# [Task details]
Copy out the data from the line containing "Custom-tailored pillow in" to its last line, exactly. No pictures.

+ + +

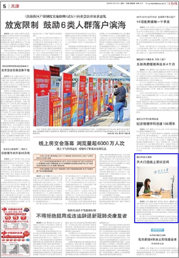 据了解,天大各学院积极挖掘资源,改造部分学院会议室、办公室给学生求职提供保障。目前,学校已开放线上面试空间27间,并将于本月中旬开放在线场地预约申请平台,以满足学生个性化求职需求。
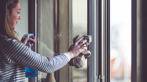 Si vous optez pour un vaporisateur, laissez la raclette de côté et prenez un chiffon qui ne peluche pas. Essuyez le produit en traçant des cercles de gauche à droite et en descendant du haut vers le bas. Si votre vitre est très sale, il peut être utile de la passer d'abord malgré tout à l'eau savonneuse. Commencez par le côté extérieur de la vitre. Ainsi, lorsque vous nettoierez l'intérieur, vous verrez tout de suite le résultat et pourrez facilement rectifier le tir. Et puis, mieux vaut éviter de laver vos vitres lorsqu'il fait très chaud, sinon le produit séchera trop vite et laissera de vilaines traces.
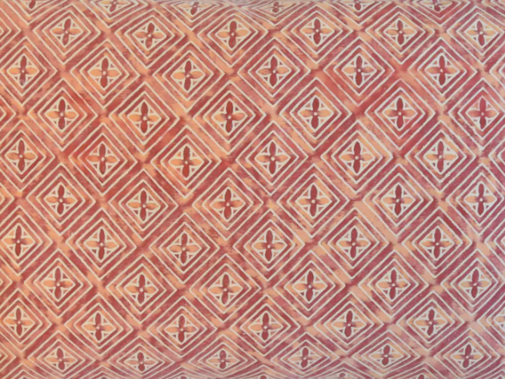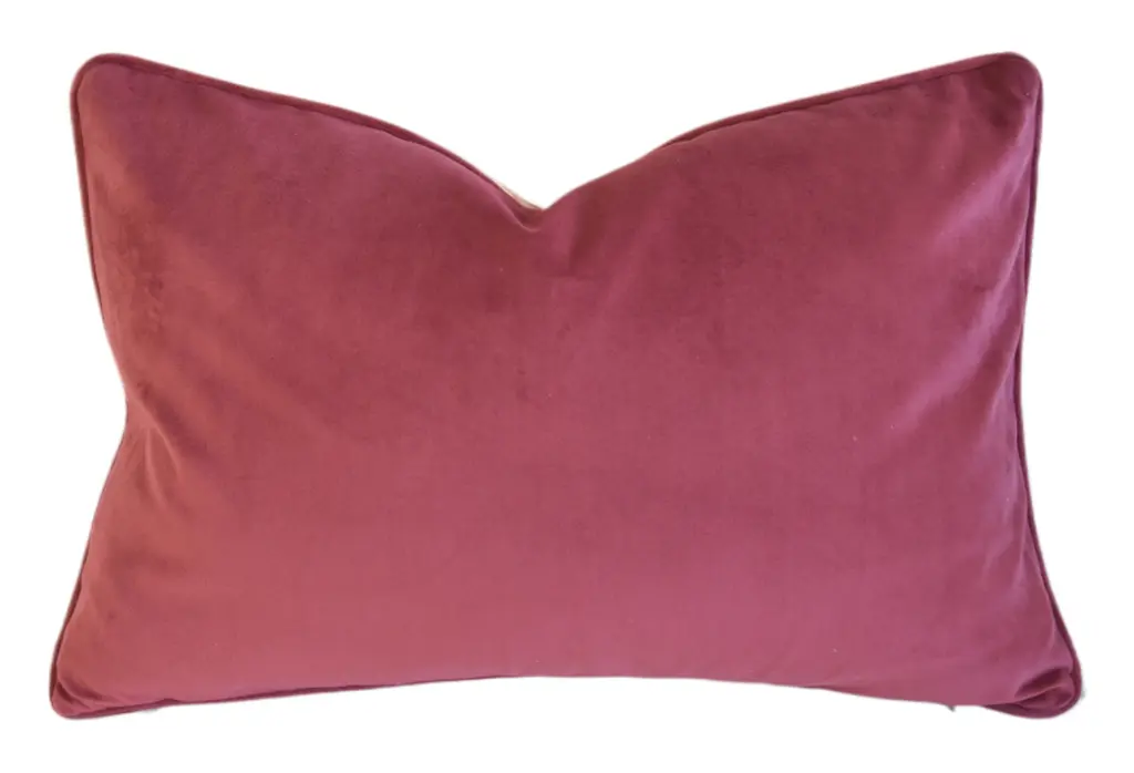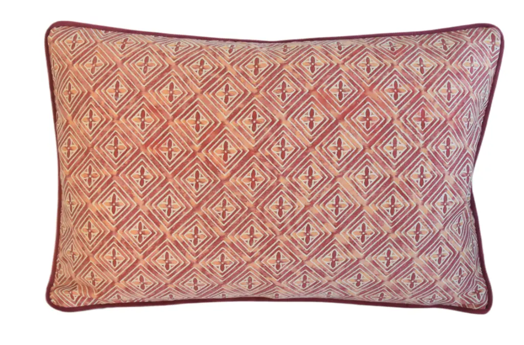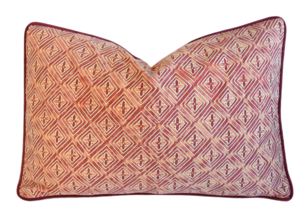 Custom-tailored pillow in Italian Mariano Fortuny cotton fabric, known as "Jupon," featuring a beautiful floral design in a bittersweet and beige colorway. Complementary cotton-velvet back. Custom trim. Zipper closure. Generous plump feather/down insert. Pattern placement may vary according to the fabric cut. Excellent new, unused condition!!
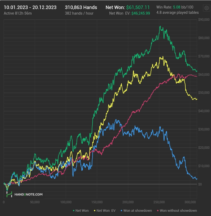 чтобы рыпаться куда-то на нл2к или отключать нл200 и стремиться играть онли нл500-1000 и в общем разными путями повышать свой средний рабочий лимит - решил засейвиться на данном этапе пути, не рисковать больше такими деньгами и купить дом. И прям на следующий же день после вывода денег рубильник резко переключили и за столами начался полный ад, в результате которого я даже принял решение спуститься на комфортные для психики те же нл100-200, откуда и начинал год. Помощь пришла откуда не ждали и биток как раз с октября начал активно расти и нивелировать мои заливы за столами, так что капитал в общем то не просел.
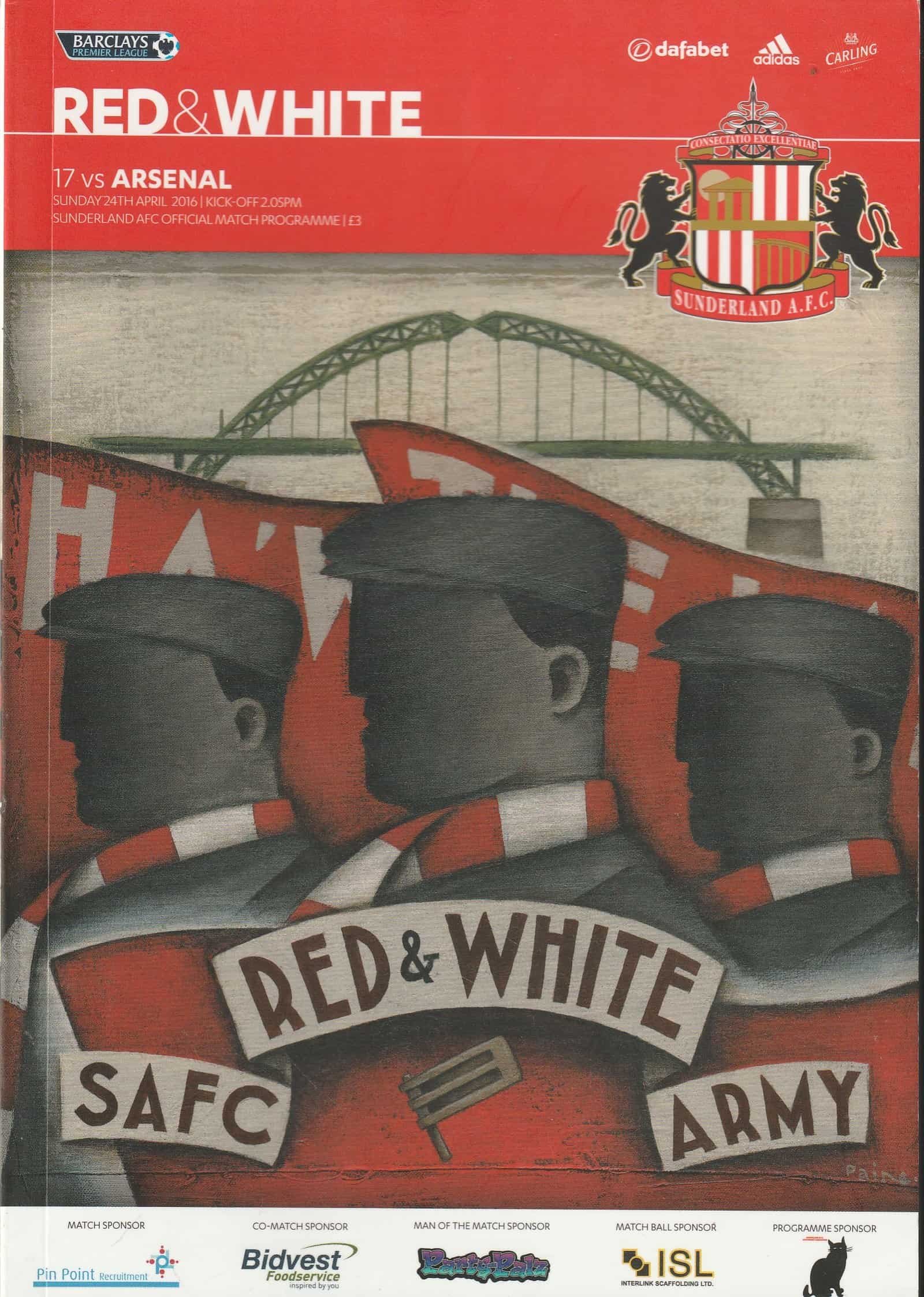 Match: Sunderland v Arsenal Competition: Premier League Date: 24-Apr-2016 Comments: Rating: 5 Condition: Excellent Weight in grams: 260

+ + +

# [Finished exercise]
 Custom-tailored pillow in Italian Mariano Fortuny cotton fabric, known as "Jupon," featuring a beautiful floral design in a bittersweet and beige colorway. Complementary cotton-velvet back. Custom trim. Zipper closure. Generous plump feather/down insert. Pattern placement may vary according to the fabric cut. Excellent new, unused condition!!
 чтобы рыпаться куда-то на нл2к или отключать нл200 и стремиться играть онли нл500-1000 и в общем разными путями повышать свой средний рабочий лимит - решил засейвиться на данном этапе пути, не рисковать больше такими деньгами и купить дом. И прям на следующий же день после вывода денег рубильник резко переключили и за столами начался полный ад, в результате которого я даже принял решение спуститься на комфортные для психики те же нл100-200, откуда и начинал год. Помощь пришла откуда не ждали и биток как раз с октября начал активно расти и нивелировать мои заливы за столами, так что капитал в общем то не просел.
 Match: Sunderland v Arsenal Competition: Premier League Date: 24-Apr-2016 Comments: Rating: 5 Condition: Excellent Weight in grams: 260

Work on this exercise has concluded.